Vince Gilligan returns to the fate of Jesse Pinkman in a thrilling, meditative neo-Western epilogue made strictly for Breaking Bad devotees.
It’s been six years since we last saw Jesse Pinkman (Aaron Paul), tormented protege of Bryan Cranston‘s unlikely criminal mastermind Walter White, escaping his months of torture and captivity at the hands of Nazi meth dealers in the final episode of Breaking Bad. For fans of Vince Gilligan‘s serialized opus, undoubtedly one of the faces on the Mount Rushmore of Peak TV, one question has rested on our lips since Jesse’s frenzied dash from the scene in a stolen El Camino, wide-eyed and screaming in agonized joy: what happens to him now? With El Camino: A Breaking Bad Movie, we get those answers, and it’s a fittingly downbeat epilogue to one of the greatest characters of the 2010s.

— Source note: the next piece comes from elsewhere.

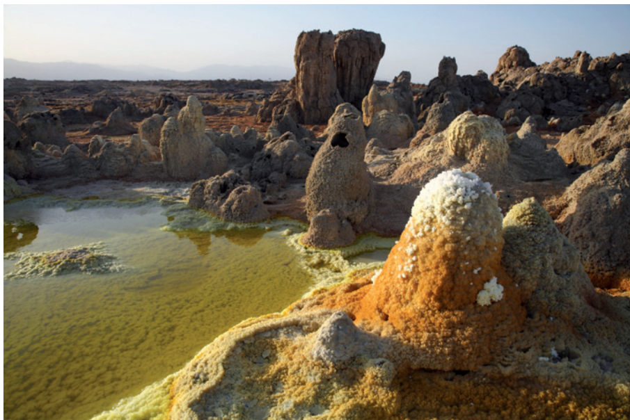
Geoscientists are needed in areas such as Ethiopia's Danakil Depression to study tectonic plates.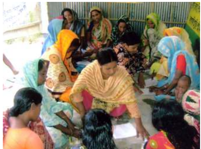
International Literacy Day 2008 celebration at Babrijhar, Nilphamari Pallitathya Kendra

The PK at Kaligang, Jhenaidah operating with the help of Hunger Free World, organised a rally and discussion meeting jointly with the Upazilla Parisad. A large number of students from various schools and colleges participated in the rally and discussion session.

From the get, Gilligan (who writes and directs) had an uphill battle to climb: telling a final chapter of a story in which most of the characters ended up dead or disappeared somewhere. Walt’s dead, Mike Ehrmantraut (Jonathan Banks) is gone, sociopathic monster Todd (Jesse Plemons) is strangled by Jesse’s own handcuffs; the story of Heisenberg is closed. But Gilligan smartly turns the days following Jesse’s liberation — a mad scramble to stay away from the cops, say his goodbyes, and gather enough money to start a new life — into a meditation on the long journey this character has gone through. It’s important to remember that, while Breaking Bad was the Walter White story, one could argue that the events of the show simply brought out the Heisenberg that was in him all along: Jesse, on the other hand, truly transforms as a character, turning from naive, underachieving drug dealer to a haunted, traumatized survivor.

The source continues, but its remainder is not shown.